Contudo, houve casos em que o desejo expresso vinha, de fato, da pessoa, e o trabalho clínico levou à sua realização, a partir das possibilidades existentes ou criadas pela própria pessoa. Entre desejar e tornar algo real, há um longo caminho. Muitas vezes depende de nossa ação trilhar o caminho e atingir os objetivos traçados. Em outras é preciso construir bases anteriores, para que possamos iniciar o caminho. Em outras, ainda, é preciso adaptar, traçar novamente, refazer, desfazer… são nossas interações com o meio, conosco, com o outro, gerando movimentações, que precisamos acompanhar, atualizar. E nossas buscas – como denominamos em filosofia clínica – precisam ser atualizadas também.

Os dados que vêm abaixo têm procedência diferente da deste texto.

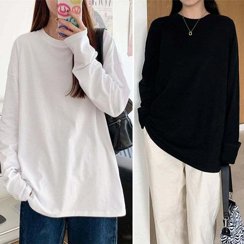 [셀럽하우스]여성 QPCT8400 기본 형광티셔츠 맨투맨티셔츠 라운드넥 무지 긴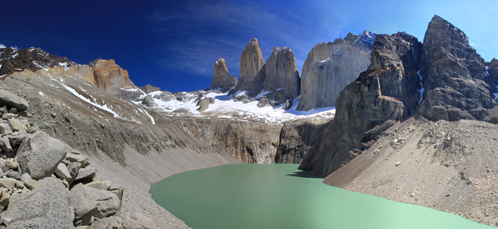 Высота башен от 2600 до 2850, на языке мапуче «пайне» означает «голубой». Так что у них вот были голубые башни. А мне очень нравится, что сверху они отчетливо рыжие. Удивительно, но альпинисты на всех башнях уже были.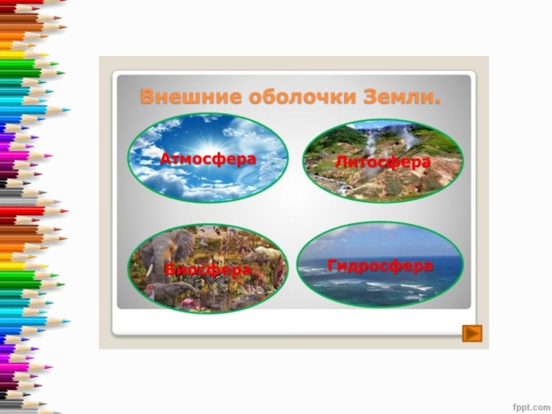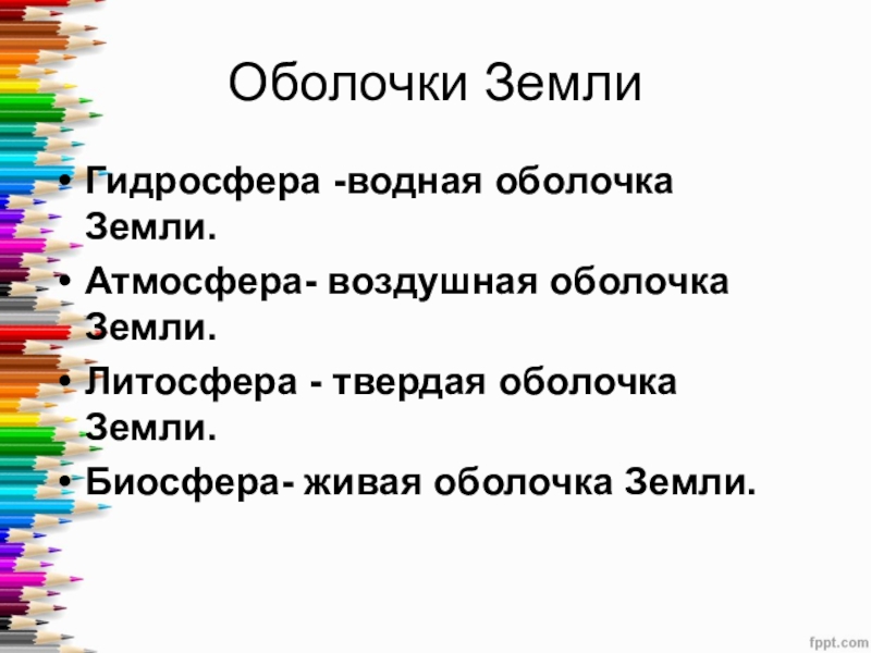 Оболочки ЗемлиГидросфера -водная оболочка Земли.Атмосфера- воздушная оболочка Земли.Литосфера - твердая оболочка Земли.Биосфера- живая оболочка Земли.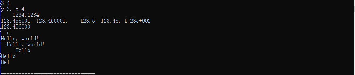 #include <stdio.h> int main() { int x=1234; float f=123.456; double m=123.456; char ch='a'; char a[]="Hello, world!"; // 定义一个数组a,数组中存放字符串常量hello,world! int y=3, z=4; printf("%d %d\n", y, z); printf("y=%d, z=%d\n", y,z); printf("%8d,%2d\n", x,x); printf("%f, %8f, %8.1f, %0.2f, %.2e\n",f,f,f,f,f); printf("%lf\n",m); printf("%3c\n", ch); printf("%s\n%15s\n%10.5s\n%2.5s\n%.3s\n",a,a,a,a,a); return 0; }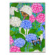 Original fine art design of colourful butterflies on Hydrangea macrophylla flowers by artist Carolyn McFann of Two Purring Cats Studio printed on a quality greeting card for nature lovers.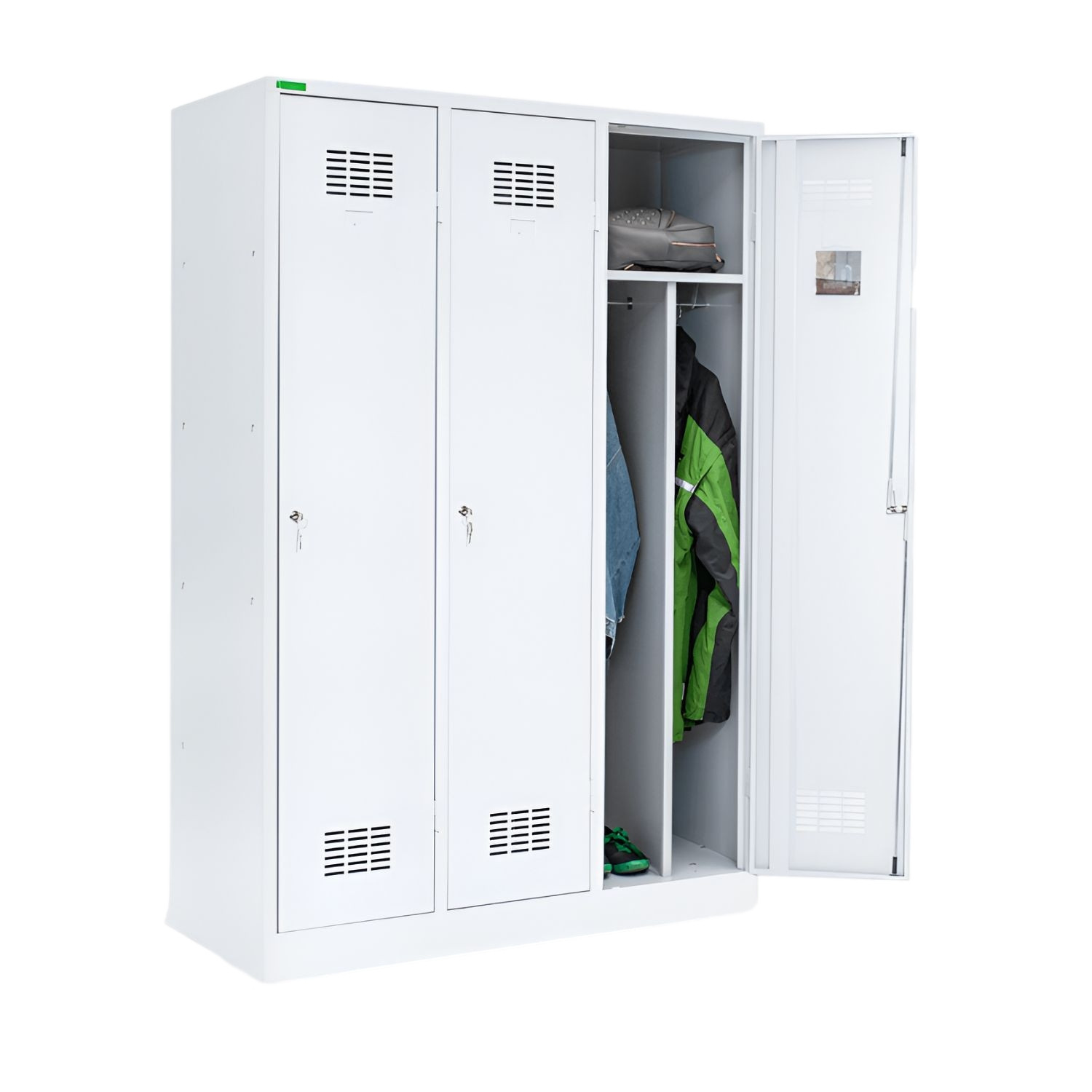 - Grundausstattung: Hutablage, Trennwand, Kleiderstange, Kleiderhaken, Türschlitze, Sicherheitsschloss (mit 2 Schlüsseln), niedriger Sockel für mehr Platz im Schrank.
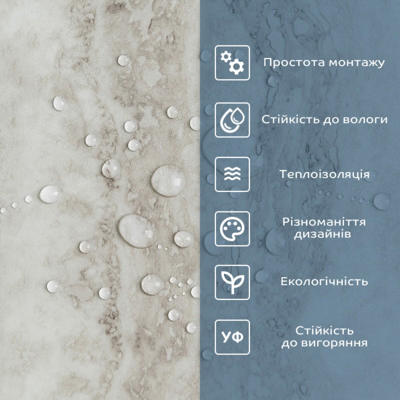 Легка установка: самоклеючий шар робить процес укладання швидким і простим, не вимагаючи додаткового клею, додаткових матеріалів чи спеціалістів. Матеріал укладається стик в стик, його можна різати ножицями чи монтажним ножем, між смугами не розходиться, не набухає і не деформується. Відсоток обрізу становить 1%, що є найкращим показником для настінних покриттів; Стійкість до вологи: вінілова плитка стійка до вологи, що робить її відмінним вибором для ванних кімнат, кухонь та інших приміщень з підвищеною вологістю, матеріал стійкий також до впливу пари, а також до появи плісняви. Плитка підходить для створення фартуха кухні, можна клеїти біля плити на відстані не менше ніж 30-50 см; Довговічність: міцність та зносостійкість вінілу дозволяє плитці залишатися в первинному стані протягом тривалого періоду часу; Естетична складова: широкий вибір дизайнів та кольорів (імітація натуральних матеріалів та абстракції) дає можливість підібрати покриття, яке відповідає вашому стилю та інтер'єру, дуже добре комбінується за гамою кольорів, дозволяючи створити власний дизайн приміщення; Легкий догляд: вініл легко очищається і не вимагає спеціальних засобів для чищення. Ізоляція: плитка має тепло та звукоізоляційні властивості; Екологічна безпека: вінілову плитку виготовляють з відновлювальних ресурсів, а сам матеріал безпечний для здоров'я та навколишнього середовища. Розрахунок потрібної кількості матеріалу: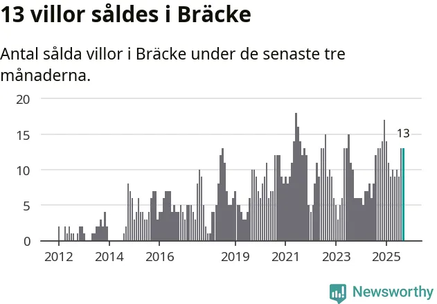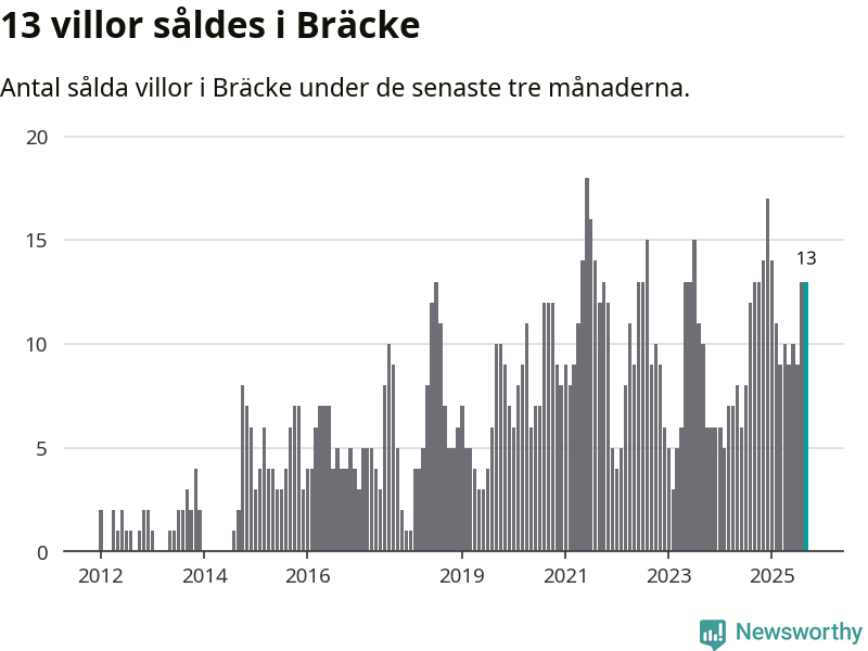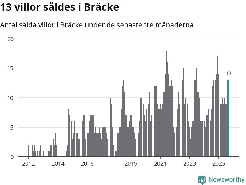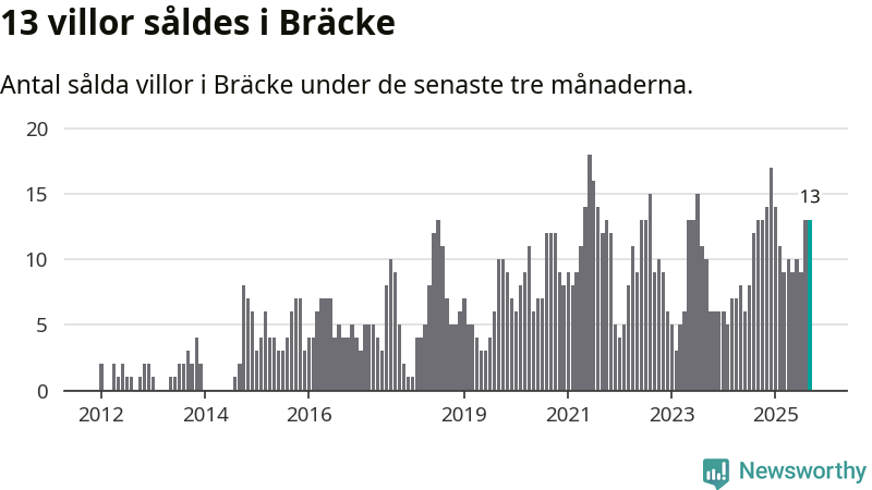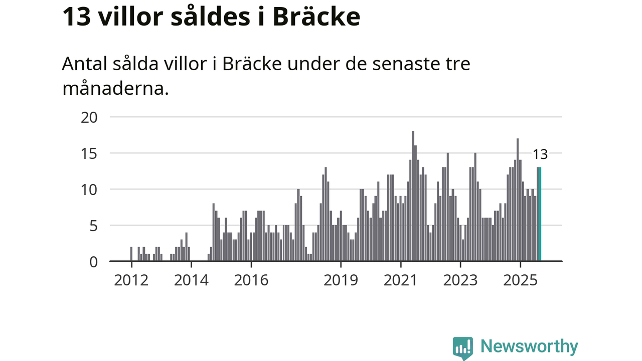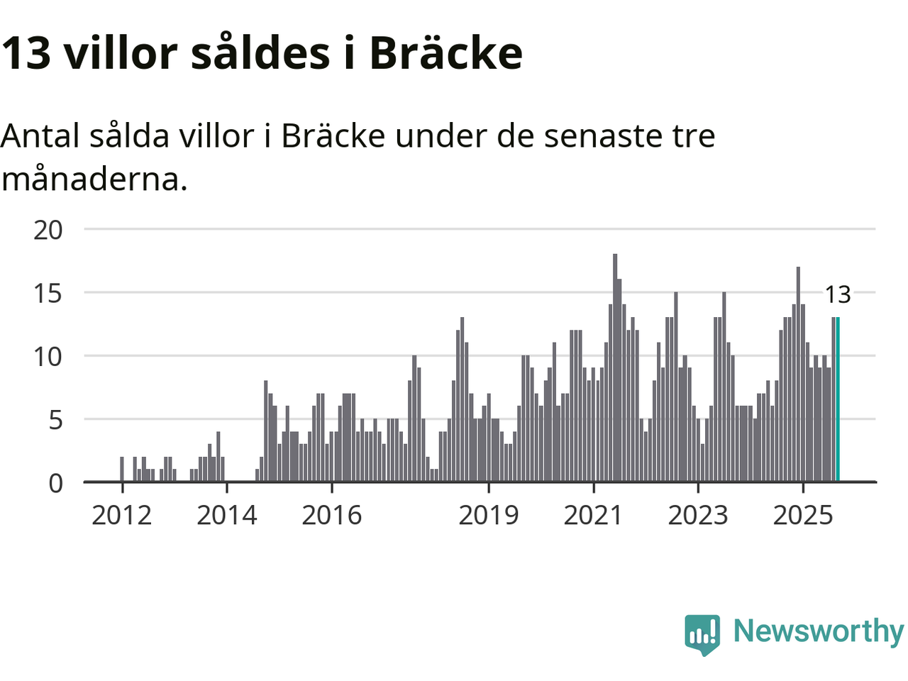 Mellan juli och september gjordes sammanlagt 13 affärer med villor i Bräcke kommun. Det är lika många affärer som vid motsvarande tid i fjol.

Ao tratarmos de buscas que dependem não somente de nós, mas de terceiros, é preciso analisar as condições de realização não somente para nós, mas para os outros envolvidos também. Às vezes temos formas de mostrar ao outro o quanto atingir tal objetivo pode ser bom para todos, mas nem sempre conseguiremos convencer o outro com nosso discurso. Obviamente, apresentar bons argumentos, demonstrar com clareza, sempre é um elemento facilitador, mas não temos a garantia de que o outro se convença.
Assim, é preciso contar com a possibilidade do outro envolvido no processo não aceitar o que estamos propondo. A abertura para o diálogo, o dispor-se a pensar junto com o outro em alternativas possíveis, sempre é um caminho, desde que as partes estejam abertas para tal.
Todavia, em se tratando de questões relativas à esfera pública, são as metas que se esperam cumpridas que levam o cidadão a dar seu voto a um candidato. Assim sendo, se as metas forem estabelecidas para não serem cumpridas, o cidadão terá dado seu voto a outro cidadão em nome de um propósito que desde a origem não se pretendia realizável. Isso tornaria o voto, senão minimamente vão, um grande perigo para o todo social. Assim, a responsabilidade de um governante, ou candidato a, ao estabelecer suas metas públicas, é muito maior. É fundamental que ele estude, muito cuidadosamente, seu entorno, a fim de verificar se o que propõe é, de fato, realizável. Ele pode se permitir divagações, sonhos irrealizáveis, utopias? Se ele tiver dados que lhe permitam projetar com segurança, sim, mas será honesto se apresentar sua proposta como um sonho a ser atingido caso determinados aspectos expostos forem assegurados.
Com isso quero dizer que é muito diferente quando tratamos de questões que nos dizem respeito diretamente, como nossa dieta, nossas atividades físicas; quando nos referimos a algo que abarca um grupo, como a família, a equipe de trabalho, o grupo de amigos; e quando o que fazemos diz respeito a toda sociedade. Qual é a amplitude de suas buscas?
Mas não posso deixar de registrar algo que parece bizarro a algumas pessoas, sobretudo nesses momentos do ano, mas que é encontrado com frequência na vida cotidiana: algumas pessoas não estabelecem metas, não traçam buscas. Elas simplesmente vivem a partir de outros referenciais. E isso não é um problema. Não são melhores ou piores por isso; não se classificam, nem querem ser classificadas, como vencedoras ou perdedoras. Não querem ultrapassar, nem se preocupam se forem ultrapassadas em algo, elas não participam de uma corrida, elas vivem, convivem, partilham, estão junto com o outro.
Afinal, será que estas análises e classificações; estas cobranças por metas, objetivos, buscas, sucesso; a corrida que se tornou nossa existência são naturais ou são fruto do modo como nos organizamos socialmente? Queremos viver assim ou queremos nos organizar de outra maneira? Vamos replicar esta forma, ou construiremos novos modos de ser? Deixo o convite à reflexão.